## Work task
Only the lines in the entries below from the line with "De plas-dras krijgt vorm." to the line with "Imagen 16: mural", both included, belong in the answer, transcribed exactly and without pictures.

Start of Input records

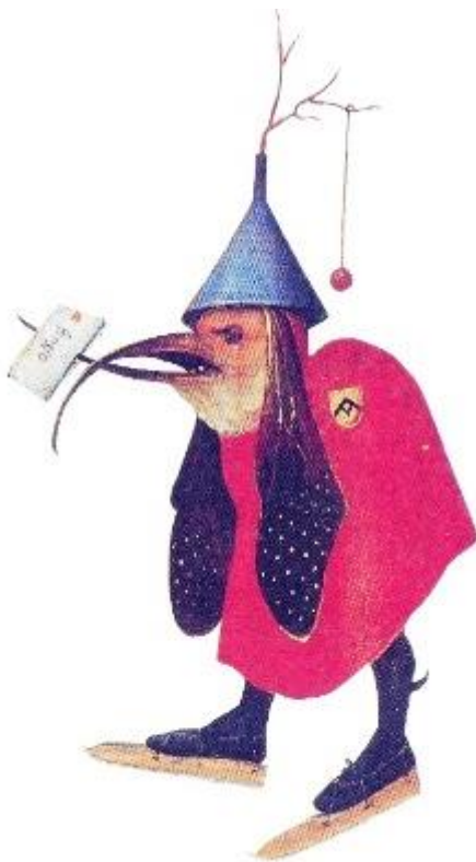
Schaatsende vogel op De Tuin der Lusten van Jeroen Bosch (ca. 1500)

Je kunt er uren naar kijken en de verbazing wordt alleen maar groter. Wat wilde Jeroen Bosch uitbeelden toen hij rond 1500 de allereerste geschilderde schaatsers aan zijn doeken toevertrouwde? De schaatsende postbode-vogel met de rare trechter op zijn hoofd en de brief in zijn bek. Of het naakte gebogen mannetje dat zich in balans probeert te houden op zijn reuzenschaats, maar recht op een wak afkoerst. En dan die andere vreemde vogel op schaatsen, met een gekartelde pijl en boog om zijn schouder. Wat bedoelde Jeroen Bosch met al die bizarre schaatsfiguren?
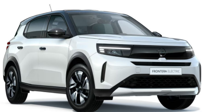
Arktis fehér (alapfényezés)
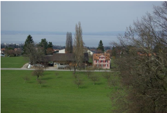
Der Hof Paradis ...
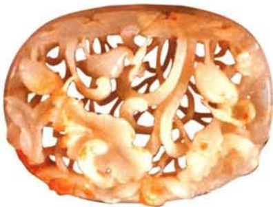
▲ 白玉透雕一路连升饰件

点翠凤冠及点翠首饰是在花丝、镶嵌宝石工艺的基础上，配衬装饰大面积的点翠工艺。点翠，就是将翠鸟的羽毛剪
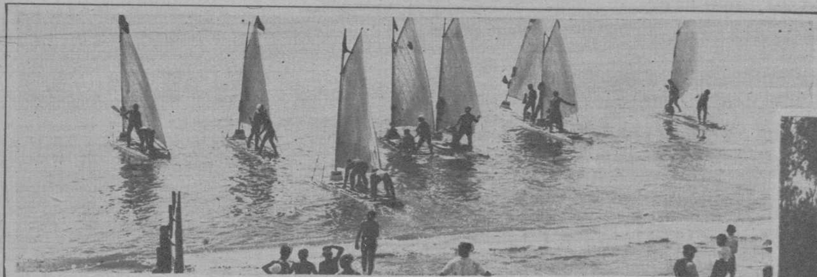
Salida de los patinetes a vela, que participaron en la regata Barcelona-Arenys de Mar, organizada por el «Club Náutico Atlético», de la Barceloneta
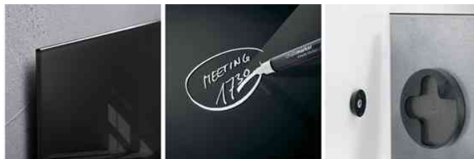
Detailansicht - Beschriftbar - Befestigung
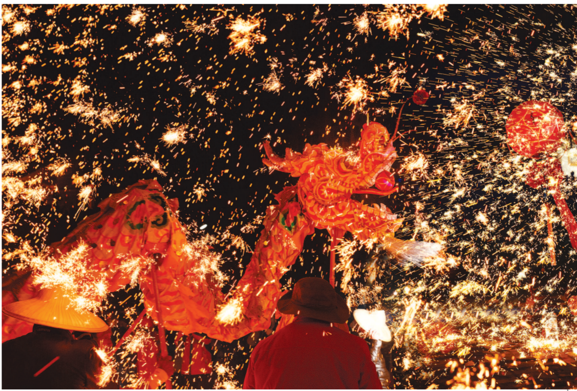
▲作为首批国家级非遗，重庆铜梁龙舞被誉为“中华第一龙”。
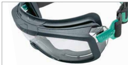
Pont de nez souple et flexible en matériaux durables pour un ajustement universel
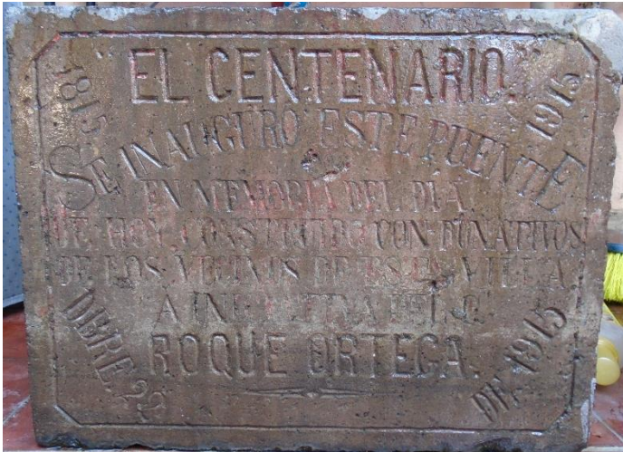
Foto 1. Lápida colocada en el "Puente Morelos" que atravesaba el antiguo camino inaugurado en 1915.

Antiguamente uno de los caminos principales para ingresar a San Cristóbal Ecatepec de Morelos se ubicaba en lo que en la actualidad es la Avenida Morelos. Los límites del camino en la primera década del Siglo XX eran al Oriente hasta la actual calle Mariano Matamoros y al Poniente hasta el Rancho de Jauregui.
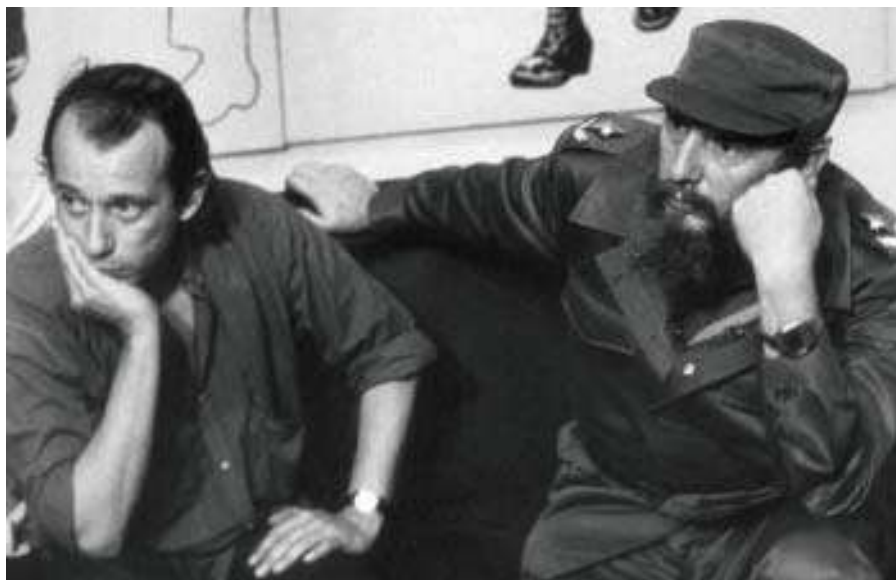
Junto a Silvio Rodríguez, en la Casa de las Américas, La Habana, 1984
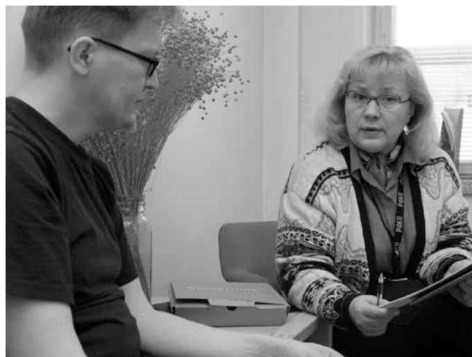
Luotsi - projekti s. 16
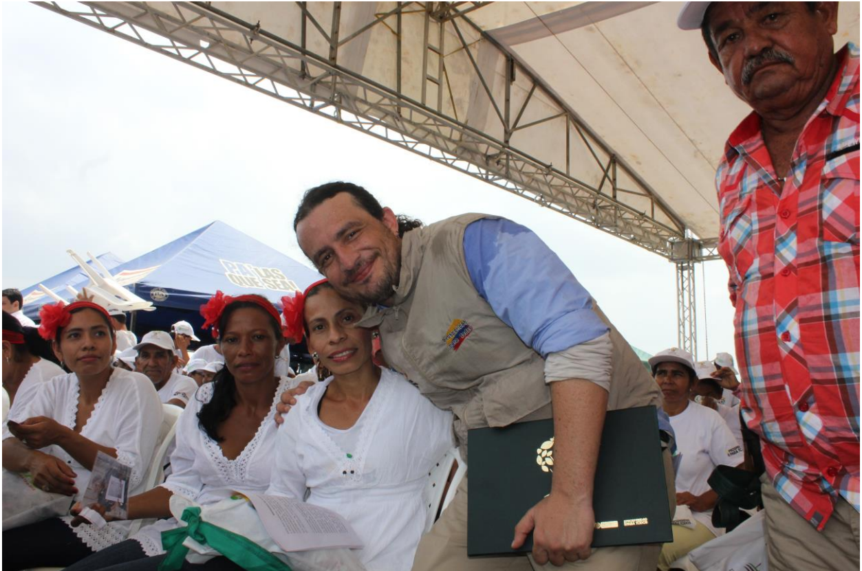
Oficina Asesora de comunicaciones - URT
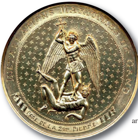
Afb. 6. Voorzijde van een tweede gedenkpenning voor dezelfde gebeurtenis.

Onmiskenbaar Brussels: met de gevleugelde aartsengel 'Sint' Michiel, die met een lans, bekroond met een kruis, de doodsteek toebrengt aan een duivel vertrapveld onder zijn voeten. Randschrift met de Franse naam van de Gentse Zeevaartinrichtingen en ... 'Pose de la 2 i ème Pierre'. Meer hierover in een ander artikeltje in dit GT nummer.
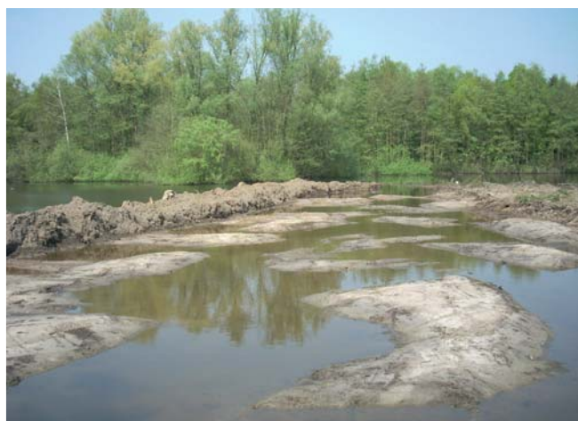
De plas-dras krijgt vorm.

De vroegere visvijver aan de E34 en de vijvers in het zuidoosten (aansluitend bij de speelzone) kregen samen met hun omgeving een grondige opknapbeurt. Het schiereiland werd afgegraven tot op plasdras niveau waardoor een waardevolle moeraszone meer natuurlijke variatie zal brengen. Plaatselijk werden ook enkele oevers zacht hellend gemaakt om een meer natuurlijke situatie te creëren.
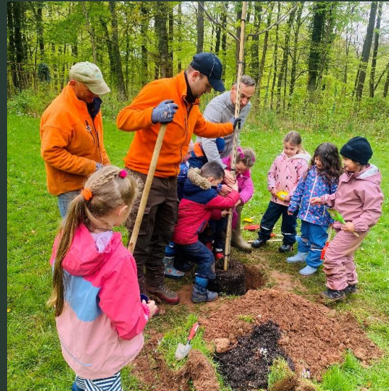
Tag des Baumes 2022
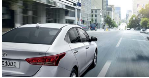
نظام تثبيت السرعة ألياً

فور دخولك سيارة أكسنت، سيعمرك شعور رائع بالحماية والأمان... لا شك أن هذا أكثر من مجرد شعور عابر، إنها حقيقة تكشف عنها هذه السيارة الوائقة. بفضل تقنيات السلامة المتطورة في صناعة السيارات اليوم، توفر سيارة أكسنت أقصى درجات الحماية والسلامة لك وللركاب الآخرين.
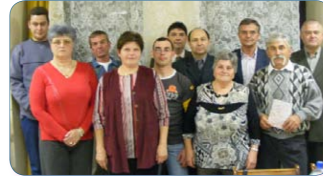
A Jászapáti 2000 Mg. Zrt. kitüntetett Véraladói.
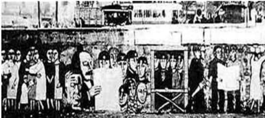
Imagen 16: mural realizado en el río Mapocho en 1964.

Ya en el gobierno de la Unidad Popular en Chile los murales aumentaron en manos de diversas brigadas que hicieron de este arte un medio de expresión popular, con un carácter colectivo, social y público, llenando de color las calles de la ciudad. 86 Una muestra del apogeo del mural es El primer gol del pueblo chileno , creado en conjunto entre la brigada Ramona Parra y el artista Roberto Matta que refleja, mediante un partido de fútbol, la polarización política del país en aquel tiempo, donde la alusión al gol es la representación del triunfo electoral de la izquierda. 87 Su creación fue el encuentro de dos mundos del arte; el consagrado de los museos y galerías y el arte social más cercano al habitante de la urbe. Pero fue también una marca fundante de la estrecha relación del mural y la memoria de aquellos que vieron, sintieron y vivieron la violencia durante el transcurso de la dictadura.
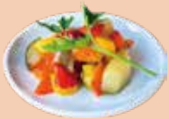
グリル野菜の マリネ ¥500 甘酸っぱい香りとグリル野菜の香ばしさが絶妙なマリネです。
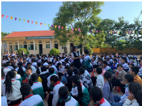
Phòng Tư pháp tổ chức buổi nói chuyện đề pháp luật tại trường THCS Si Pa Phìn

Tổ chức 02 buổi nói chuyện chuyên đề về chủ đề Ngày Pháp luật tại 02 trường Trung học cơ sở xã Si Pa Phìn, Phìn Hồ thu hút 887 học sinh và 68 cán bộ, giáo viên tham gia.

End of Input records

## Final answer
De plas-dras krijgt vorm.

De vroegere visvijver aan de E34 en de vijvers in het zuidoosten (aansluitend bij de speelzone) kregen samen met hun omgeving een grondige opknapbeurt. Het schiereiland werd afgegraven tot op plasdras niveau waardoor een waardevolle moeraszone meer natuurlijke variatie zal brengen. Plaatselijk werden ook enkele oevers zacht hellend gemaakt om een meer natuurlijke situatie te creëren.
Tag des Baumes 2022
نظام تثبيت السرعة ألياً

فور دخولك سيارة أكسنت، سيعمرك شعور رائع بالحماية والأمان... لا شك أن هذا أكثر من مجرد شعور عابر، إنها حقيقة تكشف عنها هذه السيارة الوائقة. بفضل تقنيات السلامة المتطورة في صناعة السيارات اليوم، توفر سيارة أكسنت أقصى درجات الحماية والسلامة لك وللركاب الآخرين.
A Jászapáti 2000 Mg. Zrt. kitüntetett Véraladói.
Imagen 16: mural realizado en el río Mapocho en 1964.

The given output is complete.